**WORK REQUIRED**
Go to the line below that has "Medicīnas personāls Frilles", print it and each line after it exactly, and stop after the line that has "2017年6月15日晚,在二"; leave out pictures.

**DATA FOR THIS TASK**
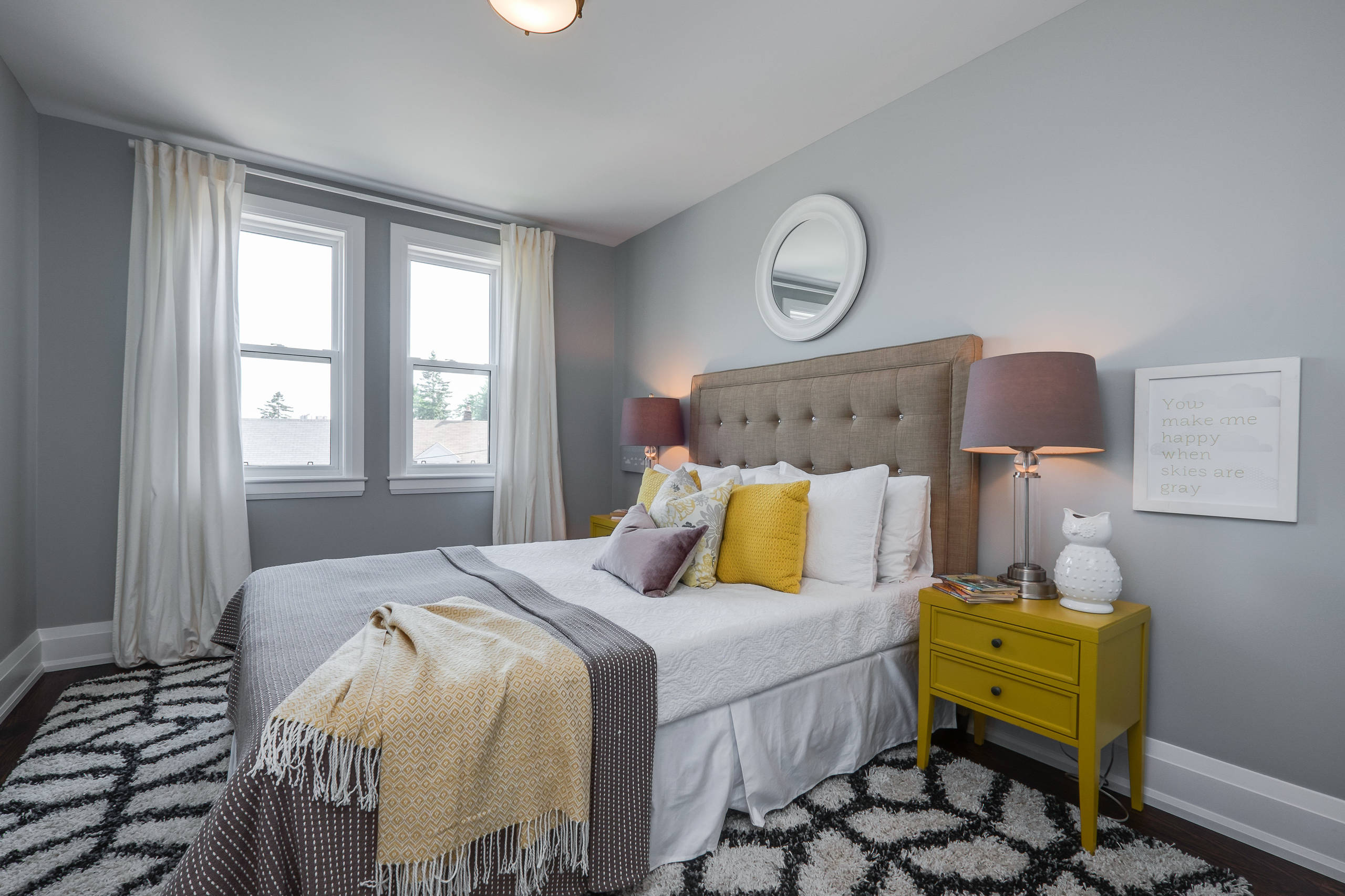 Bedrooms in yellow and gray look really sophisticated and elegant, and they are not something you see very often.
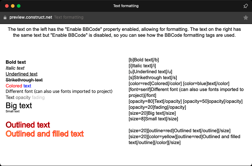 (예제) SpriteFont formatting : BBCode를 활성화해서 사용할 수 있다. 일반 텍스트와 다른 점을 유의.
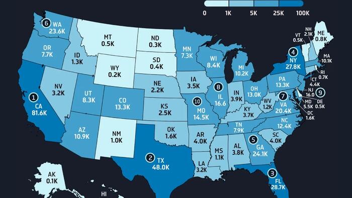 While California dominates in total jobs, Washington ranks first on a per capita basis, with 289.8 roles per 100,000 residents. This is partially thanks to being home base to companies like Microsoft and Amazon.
--
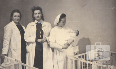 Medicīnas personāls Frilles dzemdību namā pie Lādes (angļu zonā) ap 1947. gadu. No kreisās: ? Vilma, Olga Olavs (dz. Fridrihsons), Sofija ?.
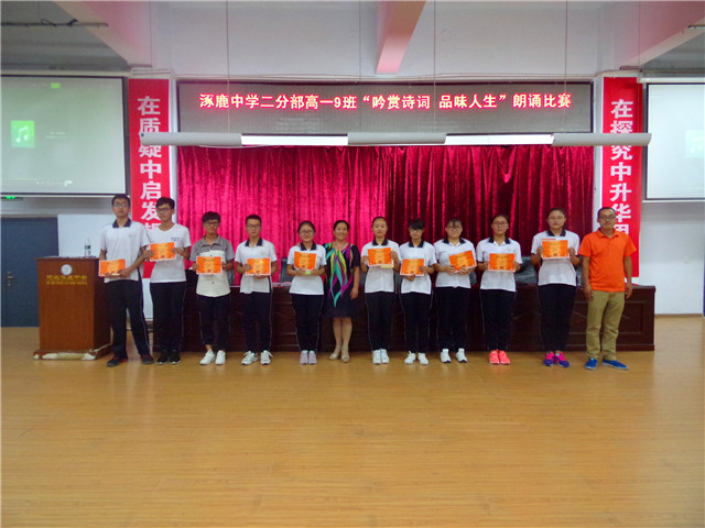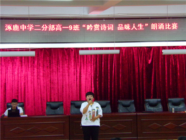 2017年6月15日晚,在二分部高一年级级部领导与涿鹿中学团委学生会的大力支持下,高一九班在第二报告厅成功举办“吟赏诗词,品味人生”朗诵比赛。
==
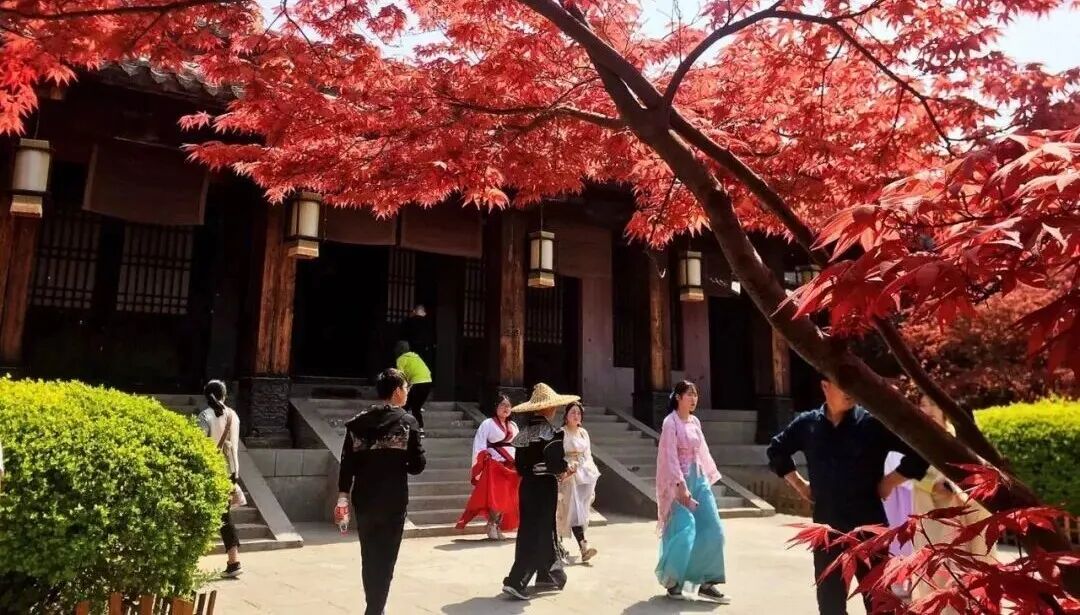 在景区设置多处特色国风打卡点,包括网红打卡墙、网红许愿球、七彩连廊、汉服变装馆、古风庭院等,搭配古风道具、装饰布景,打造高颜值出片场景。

**SOLUTION FOR THIS PROBLEM**
 Medicīnas personāls Frilles dzemdību namā pie Lādes (angļu zonā) ap 1947. gadu. No kreisās: ? Vilma, Olga Olavs (dz. Fridrihsons), Sofija ?.
 2017年6月15日晚,在二分部高一年级级部领导与涿鹿中学团委学生会的大力支持下,高一九班在第二报告厅成功举办“吟赏诗词,品味人生”朗诵比赛。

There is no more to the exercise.